The walk was truly stunning with fabulous scenery at every turn and it was a high point of the visit to Glacier National Park. The last four miles of the walk, downhill through woodland, were not quite as stunning and to our tired feet, seemed to go on for about eight miles!

Early next morning, warned that camp sites at Many Glacier were often filled by 10 am, we set off to that third section of the park we wanted to explore. We were surprised on the way there, when a Grizzly Bear casually sauntered across the road in front of us. Sure enough, at the camp ground, there was a frantic scrum under way for sites. Luckily the camp ground hosts had organised a system indicating which sites were to be vacated by noon and we quickly bagged a site where the occupants were about to leave. It was a lovely site too, with plenty of space for the tent as well as Harvey and our own resident noisy squirrel.
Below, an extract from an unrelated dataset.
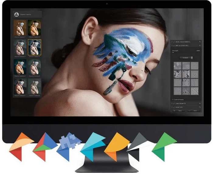 Этот набор инструментов идеально подходит для имитации пленок всех типов, а также старинных камер и объективов. Помимо применения фильтров, которые придают определенный вид, вы также можете добавлять творческие эффекты, такие как царапины, блики и мультилинза.
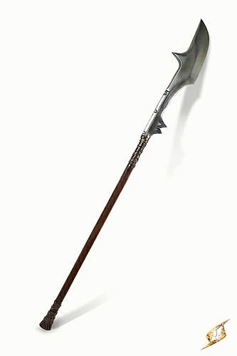 Epic Armouryrsquos Dervish Spear is a 190 cm latex weapon inspired by a primitive glaive. The spearrsquos 70 cm blade is curved and spiked to give it a vengeful look, sculpted and handpainted to appear attached to a wooden pole with leather ties. The

Our legs were still weary from the previous day's hike, so we ventured out on Many Glacier Lake, the boys in one canoe, fishing, the girls sight-seeing in the other and checking out the quality of the ice cream at the lodge on the way! The friendly sales clerk insisted that the portions of ice cream the girls had served themselves were so small that he would only charge for one!

Is that Ice-Cream we smell?

On the final day in Glacier National Park we took the highly recommended hike to Iceberg Lake. The reason for the Lake's name was apparent when we arrived. Unfortunately the weather didn't really co-operate and we spent much of the hike walking in the rain in waterproofs, glad we'd bought new sets to replace our old leaky ones! The trip was worth the effort as the lake was a totally surreal sight. All that was missing were penguins!

We ate our lunch at the lake, in the rain, terrorised by a marauding ground squirrel looking for scraps. It was strictly forbidden to feed wild animals in the Park but it seemed no one had told the squirrel!

Of course by the time we'd descended almost back to the trail head, the sun was shining brightly again. We'd definitely earned an ice cream stop on the way back to camp.

That evening our friends walked from the camp site to Many Glacier Lake and on the way were adopted by a German tourist who had just had a scary, close encounter with a bear and was glad to be in a bigger group for the walk back!